[[ Records for this task open ]]
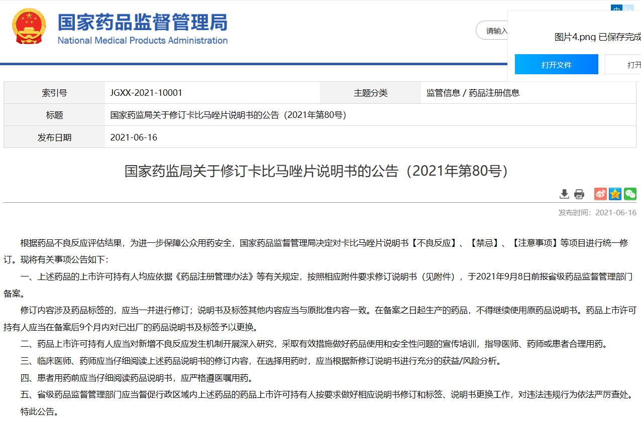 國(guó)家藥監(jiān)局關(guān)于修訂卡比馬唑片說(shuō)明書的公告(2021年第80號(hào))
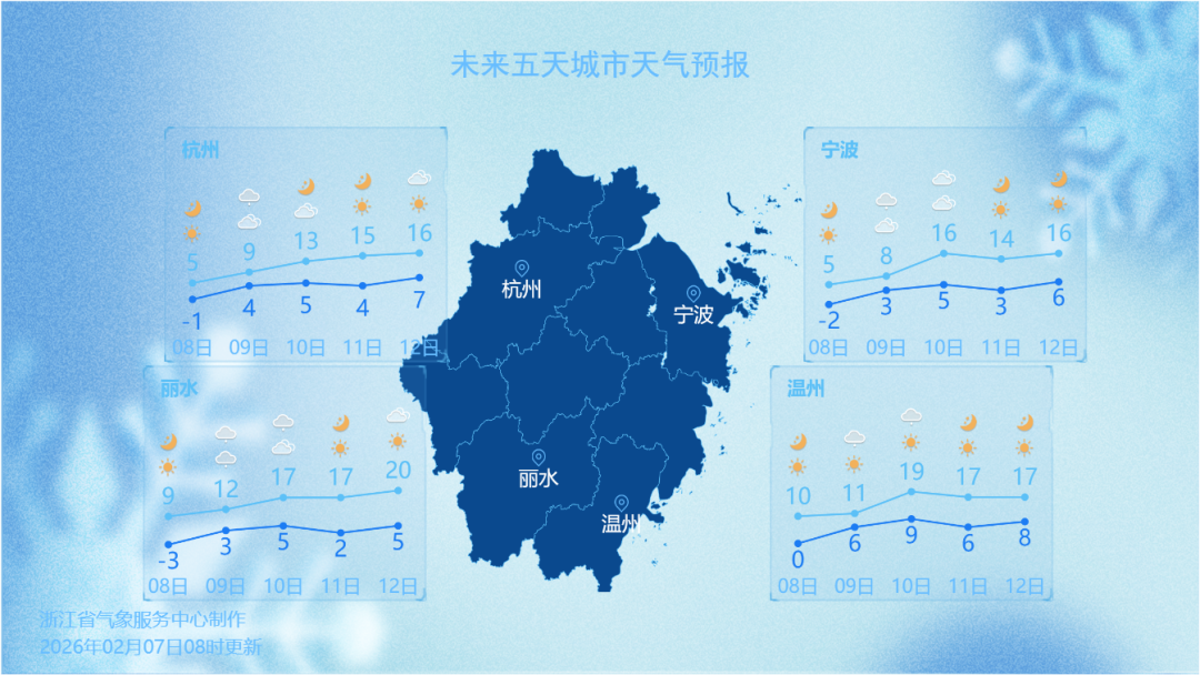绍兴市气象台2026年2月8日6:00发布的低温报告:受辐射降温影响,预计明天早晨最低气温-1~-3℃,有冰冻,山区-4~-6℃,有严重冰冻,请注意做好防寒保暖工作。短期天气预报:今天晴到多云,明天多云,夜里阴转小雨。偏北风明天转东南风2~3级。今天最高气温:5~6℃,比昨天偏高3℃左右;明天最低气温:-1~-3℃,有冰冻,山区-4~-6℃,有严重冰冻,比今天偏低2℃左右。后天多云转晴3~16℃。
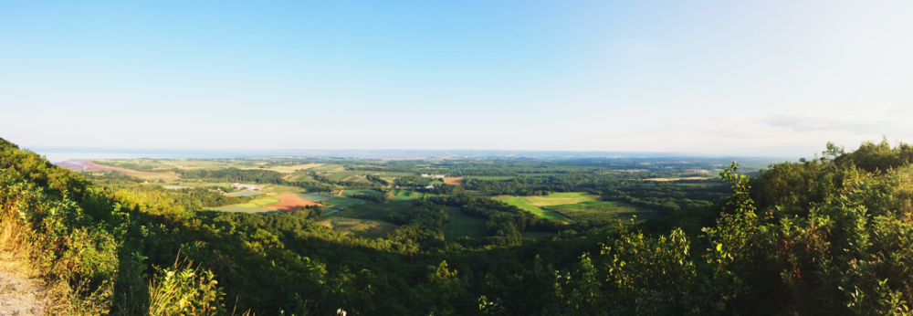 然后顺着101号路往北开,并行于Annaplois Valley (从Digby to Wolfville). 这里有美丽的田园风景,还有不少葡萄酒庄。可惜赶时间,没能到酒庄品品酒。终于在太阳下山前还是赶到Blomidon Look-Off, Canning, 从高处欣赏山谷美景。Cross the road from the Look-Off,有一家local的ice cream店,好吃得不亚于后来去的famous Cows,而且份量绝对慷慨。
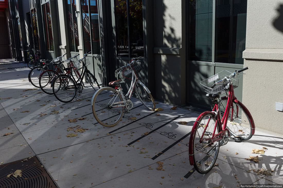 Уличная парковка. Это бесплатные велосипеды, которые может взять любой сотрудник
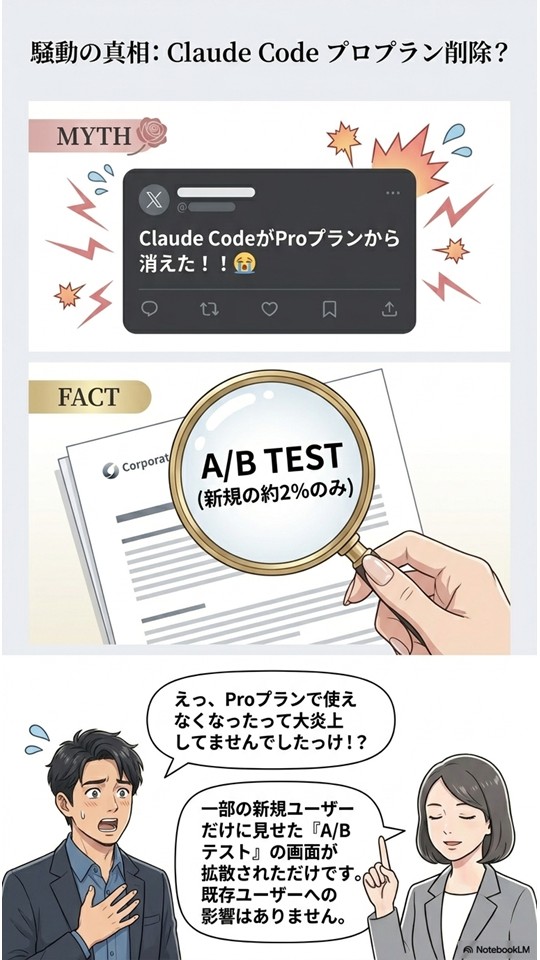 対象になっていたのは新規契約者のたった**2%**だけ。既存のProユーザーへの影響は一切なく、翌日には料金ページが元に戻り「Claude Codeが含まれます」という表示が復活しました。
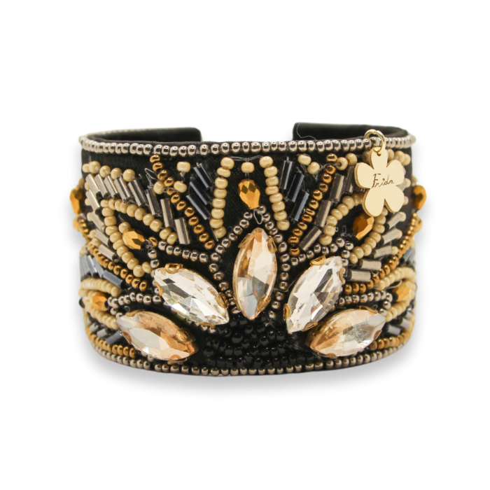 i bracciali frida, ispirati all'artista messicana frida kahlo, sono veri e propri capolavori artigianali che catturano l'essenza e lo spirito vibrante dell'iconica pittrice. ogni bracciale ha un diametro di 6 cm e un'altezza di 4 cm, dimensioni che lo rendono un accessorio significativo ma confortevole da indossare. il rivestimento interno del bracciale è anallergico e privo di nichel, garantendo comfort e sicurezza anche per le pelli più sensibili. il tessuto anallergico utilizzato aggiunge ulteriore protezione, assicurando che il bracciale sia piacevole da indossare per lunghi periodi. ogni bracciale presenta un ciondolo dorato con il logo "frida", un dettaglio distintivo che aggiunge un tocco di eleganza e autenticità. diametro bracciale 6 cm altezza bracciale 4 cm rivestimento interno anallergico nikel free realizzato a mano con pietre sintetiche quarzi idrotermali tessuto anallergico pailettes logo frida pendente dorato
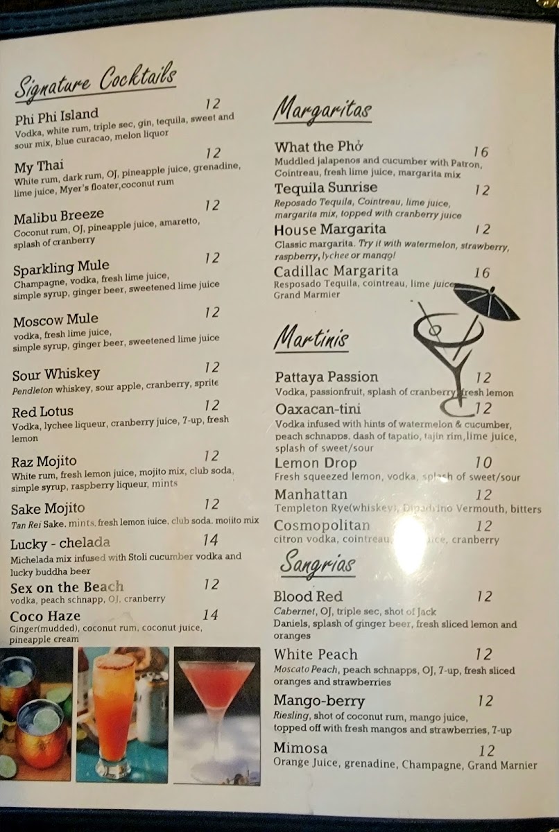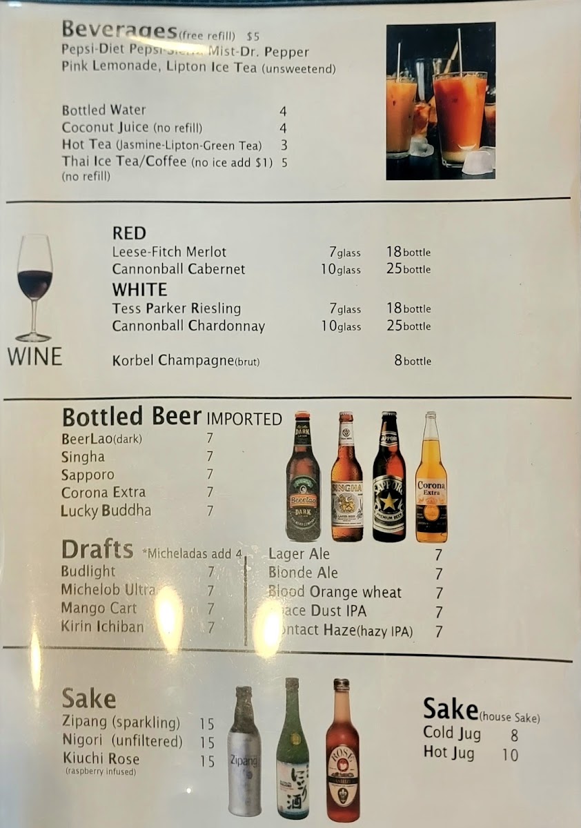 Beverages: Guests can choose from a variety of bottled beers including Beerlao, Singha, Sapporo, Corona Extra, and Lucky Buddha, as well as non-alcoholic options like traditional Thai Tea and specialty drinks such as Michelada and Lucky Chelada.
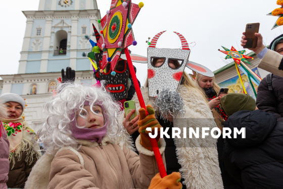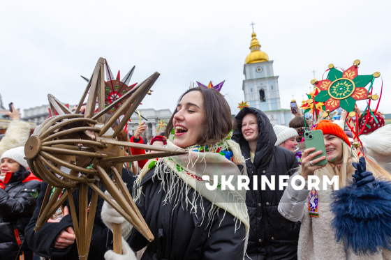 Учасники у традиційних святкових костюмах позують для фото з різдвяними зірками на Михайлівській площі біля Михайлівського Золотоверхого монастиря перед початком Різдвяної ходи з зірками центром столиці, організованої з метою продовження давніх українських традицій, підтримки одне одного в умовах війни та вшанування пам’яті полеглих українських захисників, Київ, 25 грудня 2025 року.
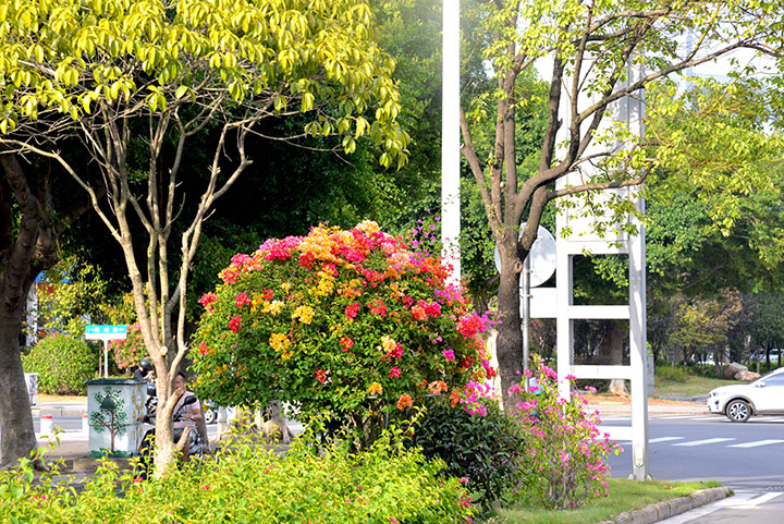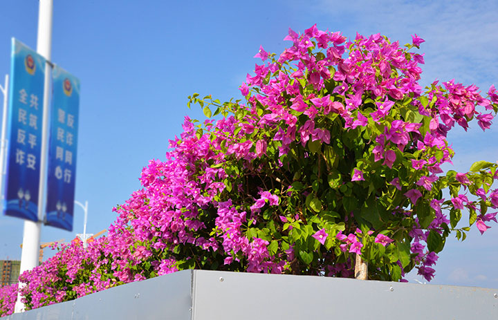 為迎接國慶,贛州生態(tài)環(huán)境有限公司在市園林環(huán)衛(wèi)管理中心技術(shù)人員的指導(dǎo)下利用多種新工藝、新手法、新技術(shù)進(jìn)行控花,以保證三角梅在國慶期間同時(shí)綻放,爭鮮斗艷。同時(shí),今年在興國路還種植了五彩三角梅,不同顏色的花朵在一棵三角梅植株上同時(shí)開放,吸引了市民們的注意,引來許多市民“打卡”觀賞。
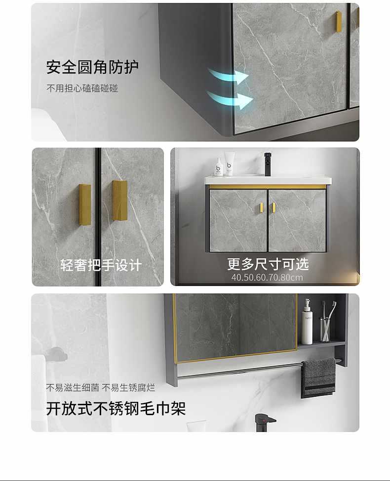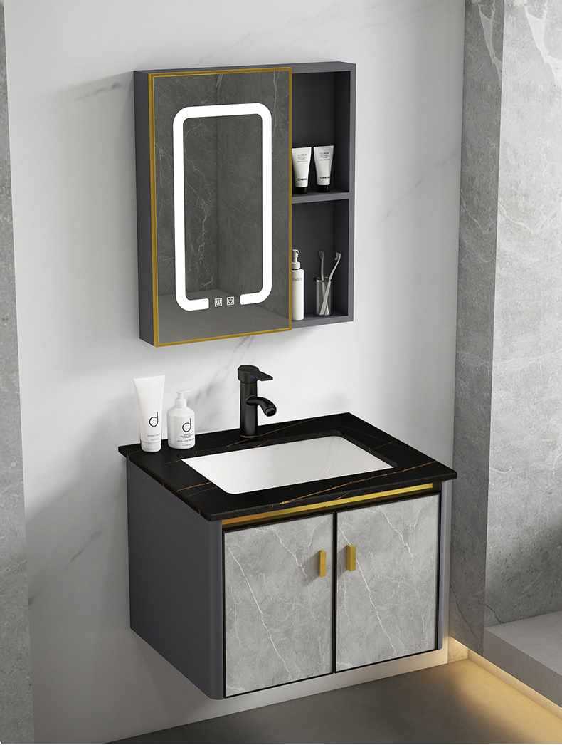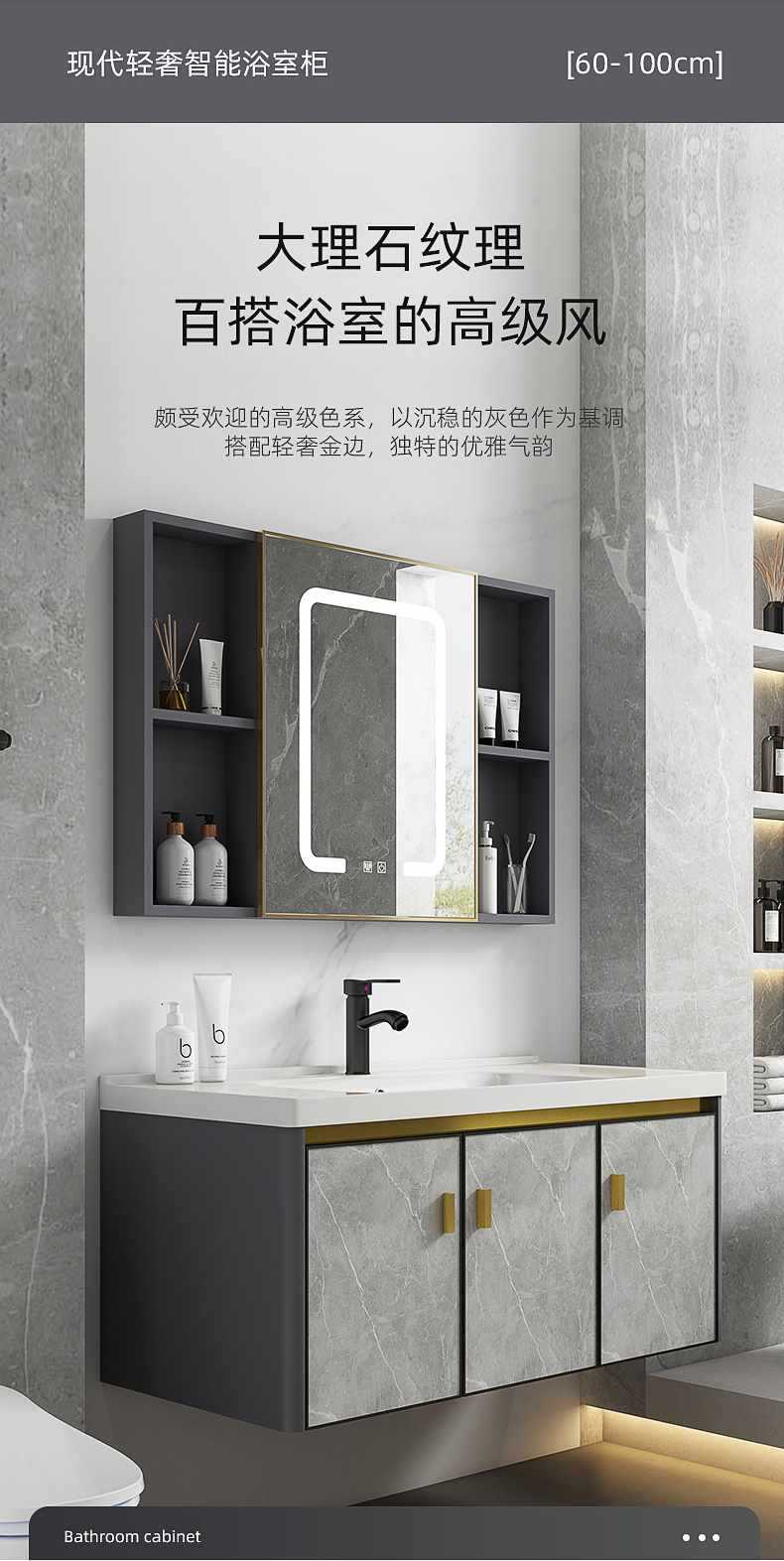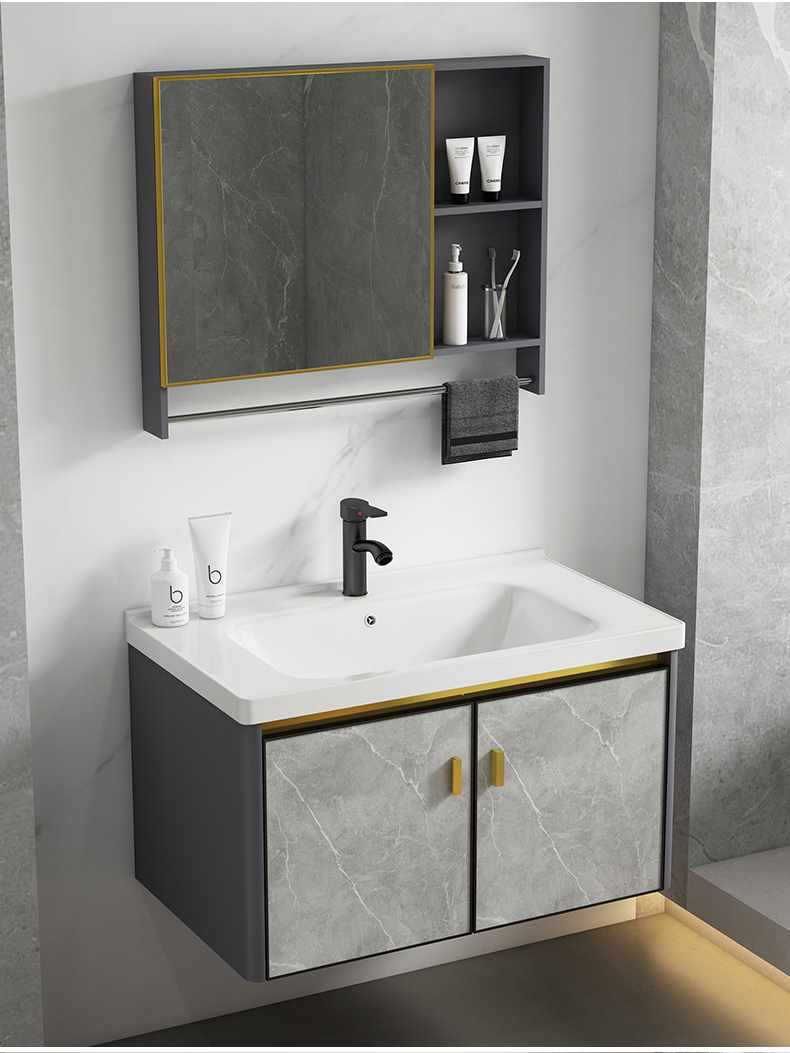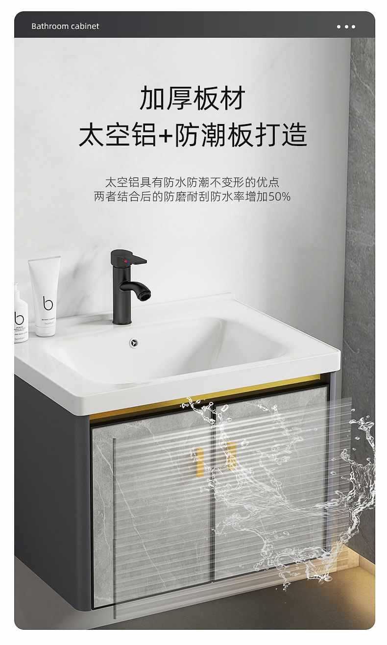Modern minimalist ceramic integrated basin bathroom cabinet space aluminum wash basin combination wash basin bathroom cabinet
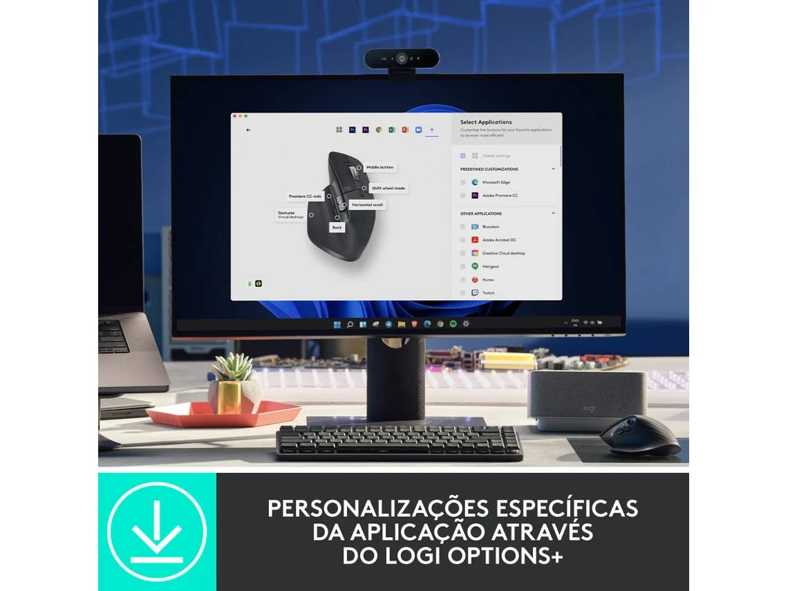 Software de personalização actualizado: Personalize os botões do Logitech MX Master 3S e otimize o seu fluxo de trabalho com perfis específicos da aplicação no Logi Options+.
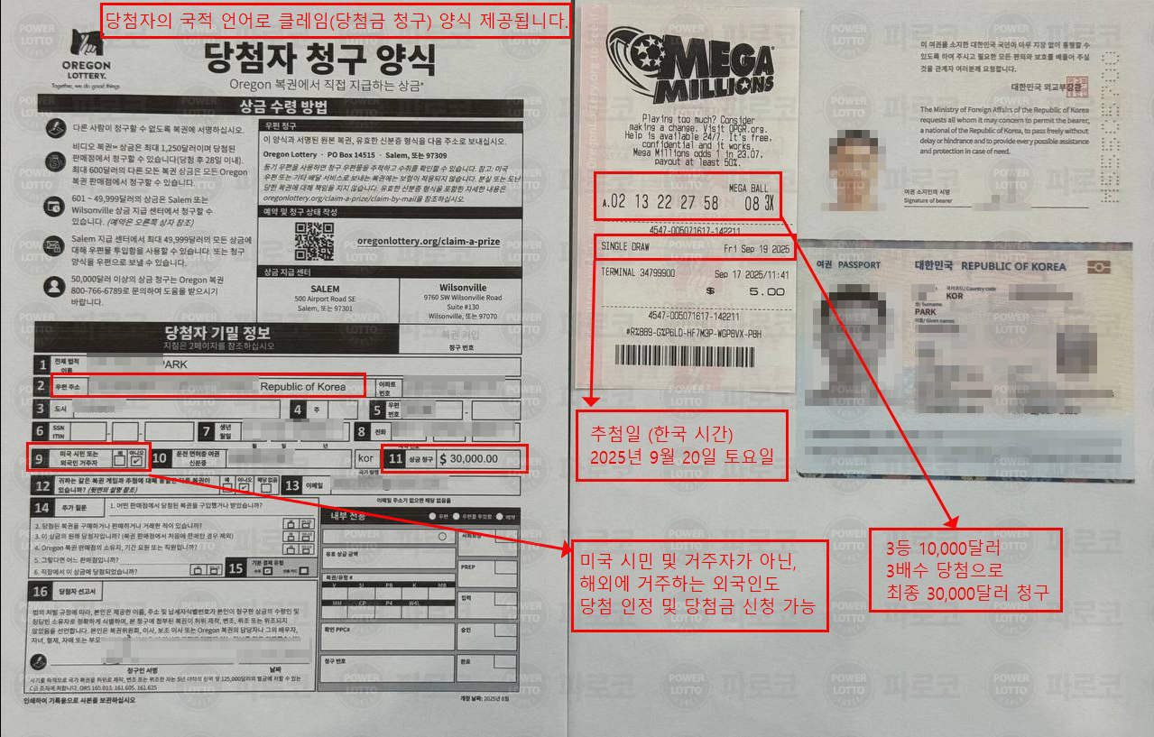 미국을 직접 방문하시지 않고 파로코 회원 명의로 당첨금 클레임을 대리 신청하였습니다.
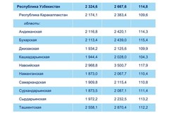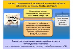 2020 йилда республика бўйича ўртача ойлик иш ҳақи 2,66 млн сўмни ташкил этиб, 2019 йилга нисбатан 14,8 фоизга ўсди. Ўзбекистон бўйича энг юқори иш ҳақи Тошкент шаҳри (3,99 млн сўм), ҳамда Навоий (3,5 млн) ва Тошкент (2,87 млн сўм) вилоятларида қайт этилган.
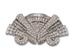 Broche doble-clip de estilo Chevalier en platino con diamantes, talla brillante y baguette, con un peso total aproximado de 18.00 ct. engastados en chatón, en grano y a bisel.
[[ Records for this task closed ]]
### Task requirements
The answer must be an exact copy of the lines from the start of the records above through the line containing "绍兴市气象台2026年2月8", with no pictures in it.

### Written solution
 國(guó)家藥監(jiān)局關(guān)于修訂卡比馬唑片說(shuō)明書的公告(2021年第80號(hào))
绍兴市气象台2026年2月8日6:00发布的低温报告:受辐射降温影响,预计明天早晨最低气温-1~-3℃,有冰冻,山区-4~-6℃,有严重冰冻,请注意做好防寒保暖工作。短期天气预报:今天晴到多云,明天多云,夜里阴转小雨。偏北风明天转东南风2~3级。今天最高气温:5~6℃,比昨天偏高3℃左右;明天最低气温:-1~-3℃,有冰冻,山区-4~-6℃,有严重冰冻,比今天偏低2℃左右。后天多云转晴3~16℃。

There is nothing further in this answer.